▶ _Problem description_
Copy word for word the lines in the records below, starting at the line with "Fusão de sabores, com" and ending at the line with "透明玻璃水具五件套家用凉水壶果汁壶创意可叠杯套装店庆活动礼品". Skip the pictures.

(Records supplied)

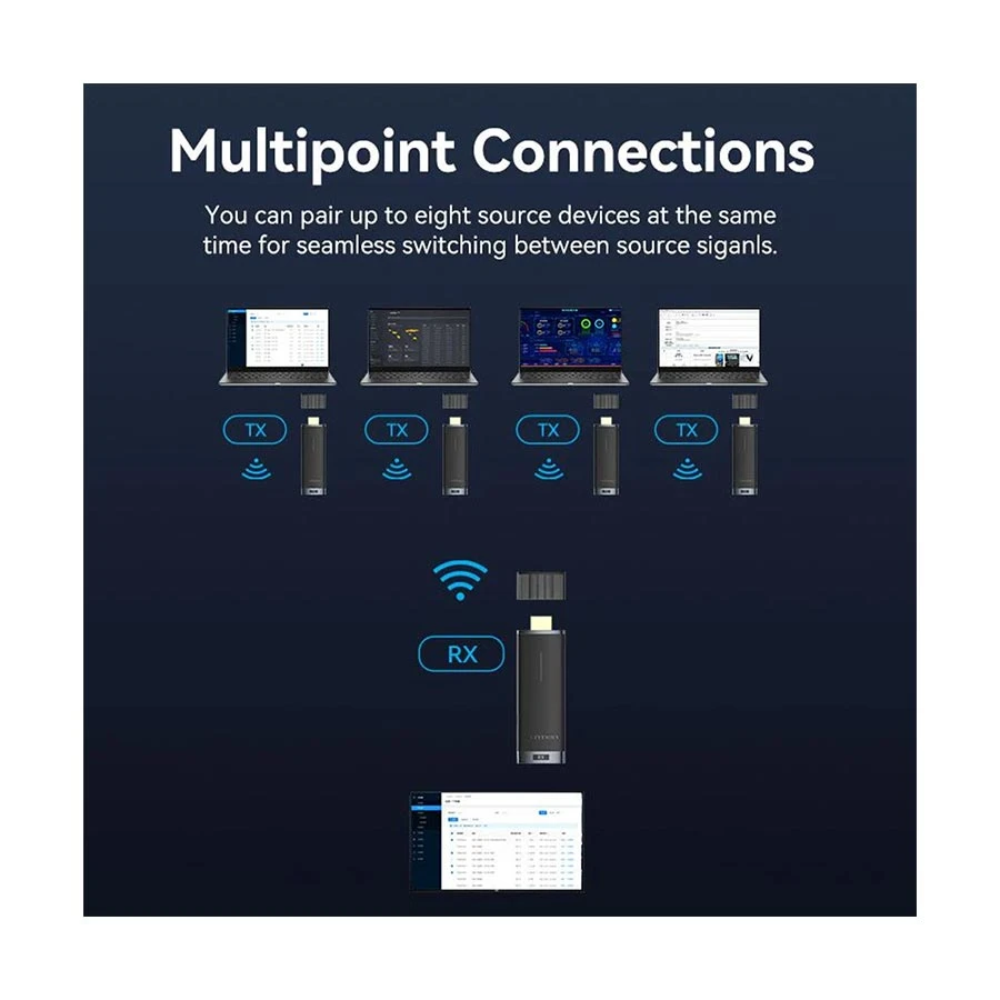 The Vention ADCB0 Wireless HDMI Transmitter and Receiver is a robust accessories that eliminates the need for HDMI cables by wirelessly delivering high-definition video and audio signals. This wireless HDMI solution provides seamless connectivity without the need for Bluetooth or Wi-Fi settings. The Vention Wireless HDMI Converter utilizes superior 5GHz transmission technology to provide stable wireless connectivity with a range of up to 40 meters in interference-free conditions. It can handle video resolutions up to 1080p at 60Hz, resulting in superb visual quality. The Vention ADCB0 has a Type-C interface for flexible connecting options and works with a wide range of HDMI devices, including HDTVs, projectors, and laptops. This compact and long-lasting wireless HDMI Converter is great for home entertainment, professional presentations, and more. the Vention ADCB0 HDMI Transmitter and Receiver is a dependable option for constructing a clutter-free multimedia setup.
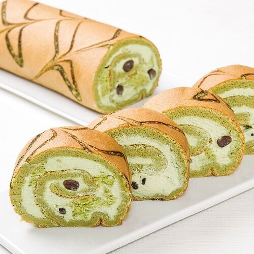 【抹茶香るロール】宇治産の抹茶を惜しみなく使用し、サクサクとしたクッキーのような食感の「抹茶ガレット」と、風味を損なわないようあえて甘さ控えめの「抹茶クリーム」を、もちもち食感の生地で巻きあげました。丸ごと1本どこを食べても濃厚な抹茶風味が楽しめる、和風ロールケーキです。
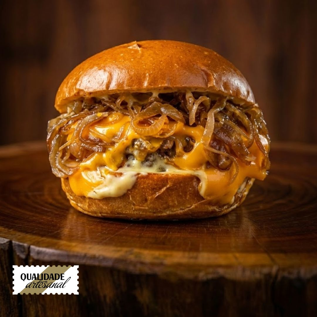 Fusão de sabores, com hambúrguer blend bovino de 180g que é pura suculência, e cheddar derretido que é um abraço cremoso. A cebola caramelizada adiciona um toque agridoce e a maionese caseira é o toque final. Sabor que é uma verdadeira celebração! 🍔🤤
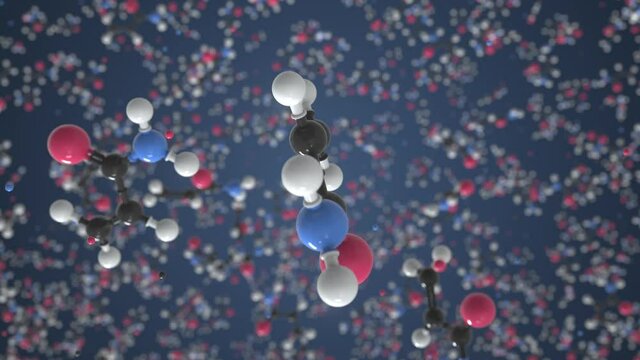 Acrylamide molecule, conceptual molecular model. Scientific looping 3d animation
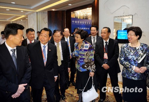 8月18日,中国侨商投资企业协会一届二次理事会在北京召开,国侨办主任李海峰(右四)、中国侨商会会长谢国民(左三)、副会长李文正(左四)、许荣茂(左一)等出席会议。中新社发 廖攀 摄
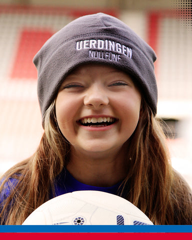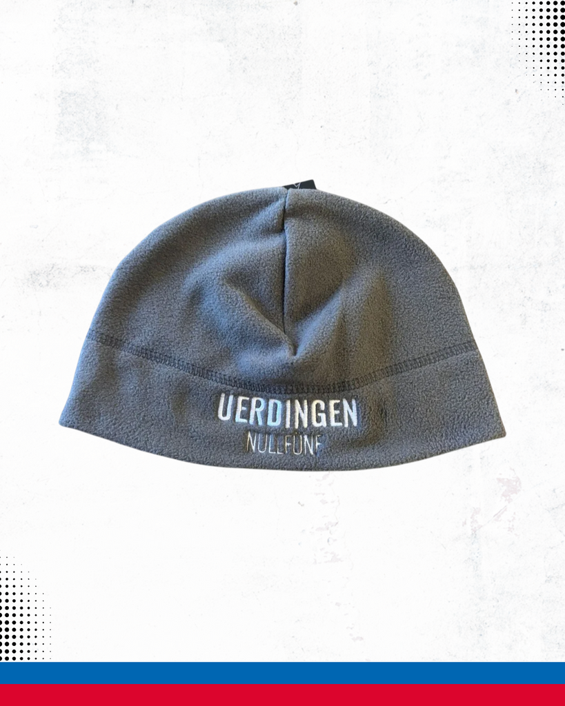 Warme Fleecemütze mit gesticktem Schriftzug „Uerdingen 05“. Hergestellt aus 100 % recyceltem Polyester und bei 40 Grad waschbar. Hält an kalten Tagen zuverlässig warm – ob im Stadion, auf dem Weg zur Arbeit oder in der Freizeit.
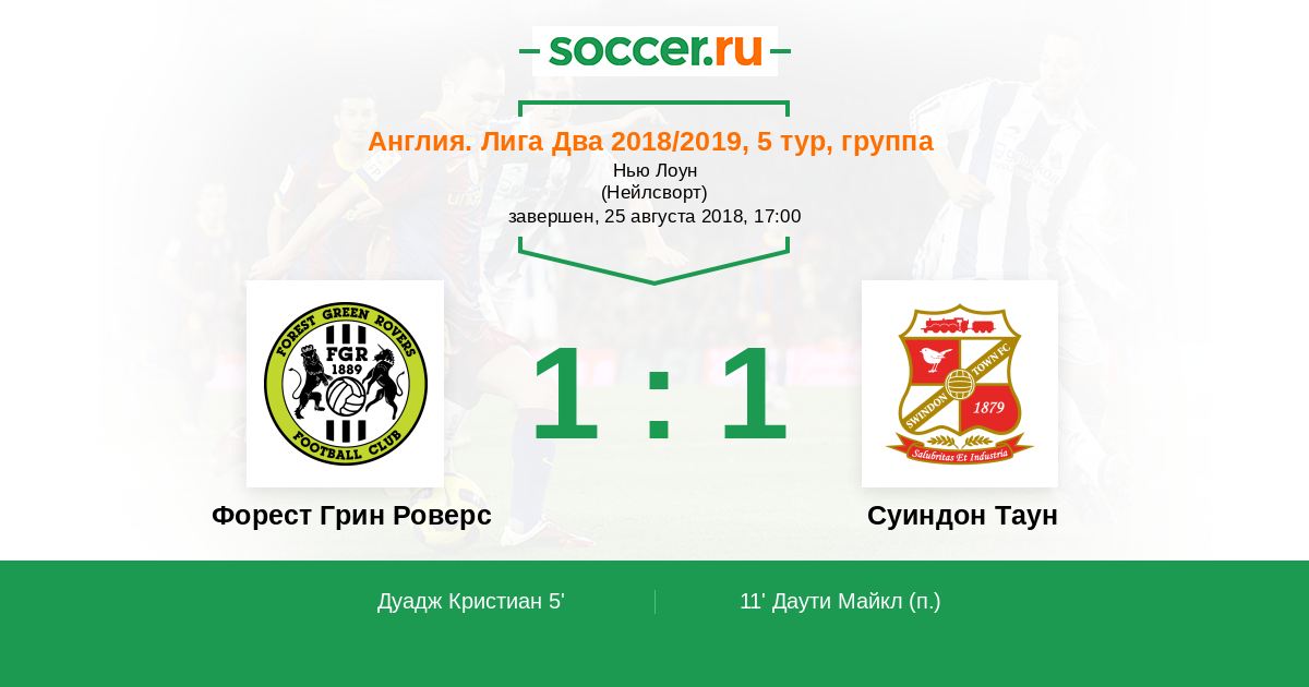 Протокол матча Форест Грин Роверс против Суиндон Таун
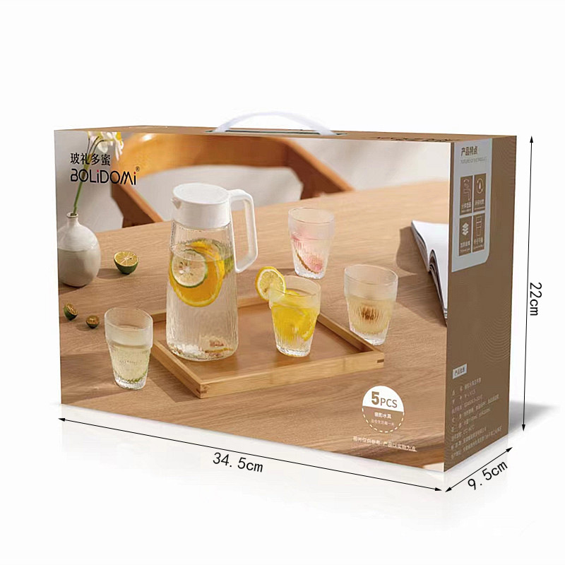 透明玻璃水具五件套家用凉水壶果汁壶创意可叠杯套装店庆活动礼品
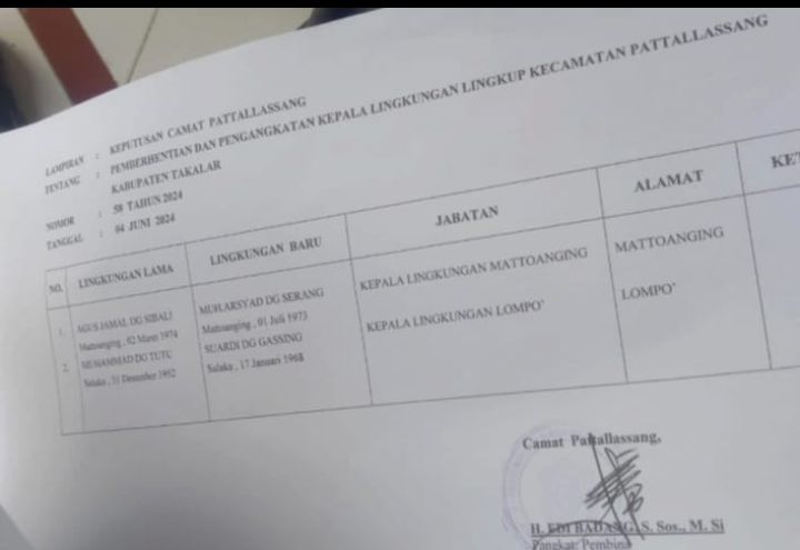 Sebelumnya diketahui dengan adanya terbit lampiran surat keputusan camat Pattallassang tentang pemberhentian dan pengangkatan kepala lingkungan kecamatan Pattallassang dengan surat Nomor : 50 Tahun 2024 yang di terbitkan per tanggal 4 juni 2024 yang tercantumkan didalam surat ada dua lingkungan yang direncanakan ada perombakan untuk kepala lingkungan yakni, kepala lingkungan Mattoanging dan kepala lingkungan Lompo’.
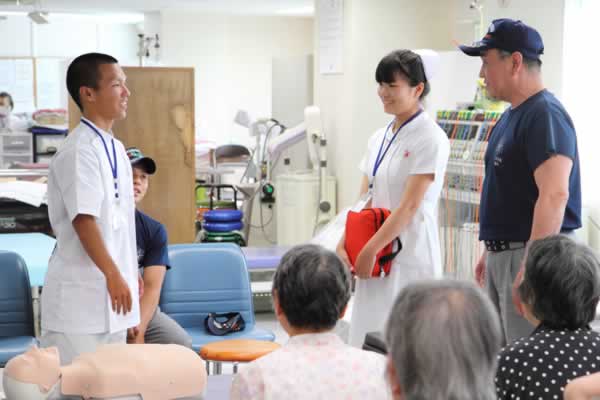 今年は看護師体験の高校生にも講習会に参加してもらい、AEDのことを知ってもらいました。
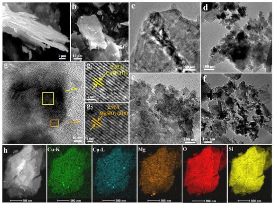 SEM images of (a) raw VMT and (b) VMT-SiO2; TEM images of (c) MgO-VMT-SiO2 and (d–f) CuO/MgO-VMT-SiO2 (450 °C, 500 °C, 550 °C); HRTEM images of (g(g1,g2)) CuO/MgO-VMT-SiO2 (500 °C); (h) EDX-mapping of CuO/MgO-VMT-SiO2 (500 °C) catalyst.
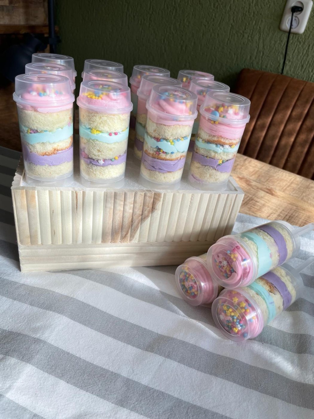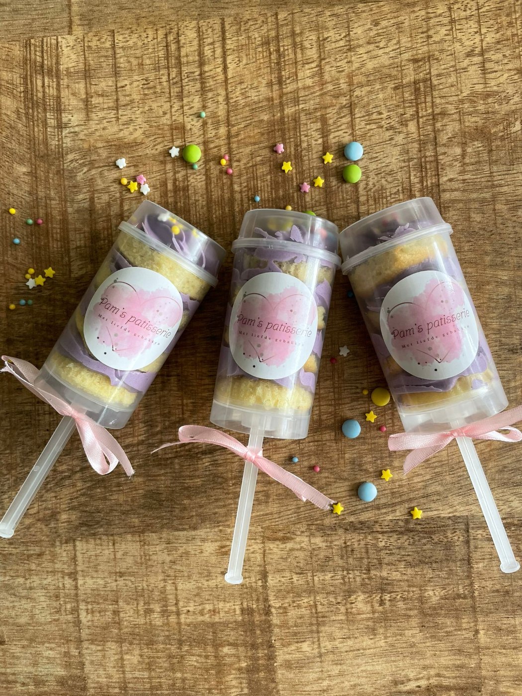 Een fantastische manier om trakteren op school of op een feestje! Push up cake pops zijn gemaakt van heerlijke vanille of chocolade cake met daartussen een smakelijke vulling in kleur naar keuze!

(End Records supplied)

▶ _Exercise response_
 Fusão de sabores, com hambúrguer blend bovino de 180g que é pura suculência, e cheddar derretido que é um abraço cremoso. A cebola caramelizada adiciona um toque agridoce e a maionese caseira é o toque final. Sabor que é uma verdadeira celebração! 🍔🤤
 Acrylamide molecule, conceptual molecular model. Scientific looping 3d animation
 8月18日,中国侨商投资企业协会一届二次理事会在北京召开,国侨办主任李海峰(右四)、中国侨商会会长谢国民(左三)、副会长李文正(左四)、许荣茂(左一)等出席会议。中新社发 廖攀 摄
 Warme Fleecemütze mit gesticktem Schriftzug „Uerdingen 05“. Hergestellt aus 100 % recyceltem Polyester und bei 40 Grad waschbar. Hält an kalten Tagen zuverlässig warm – ob im Stadion, auf dem Weg zur Arbeit oder in der Freizeit.
 Протокол матча Форест Грин Роверс против Суиндон Таун
 透明玻璃水具五件套家用凉水壶果汁壶创意可叠杯套装店庆活动礼品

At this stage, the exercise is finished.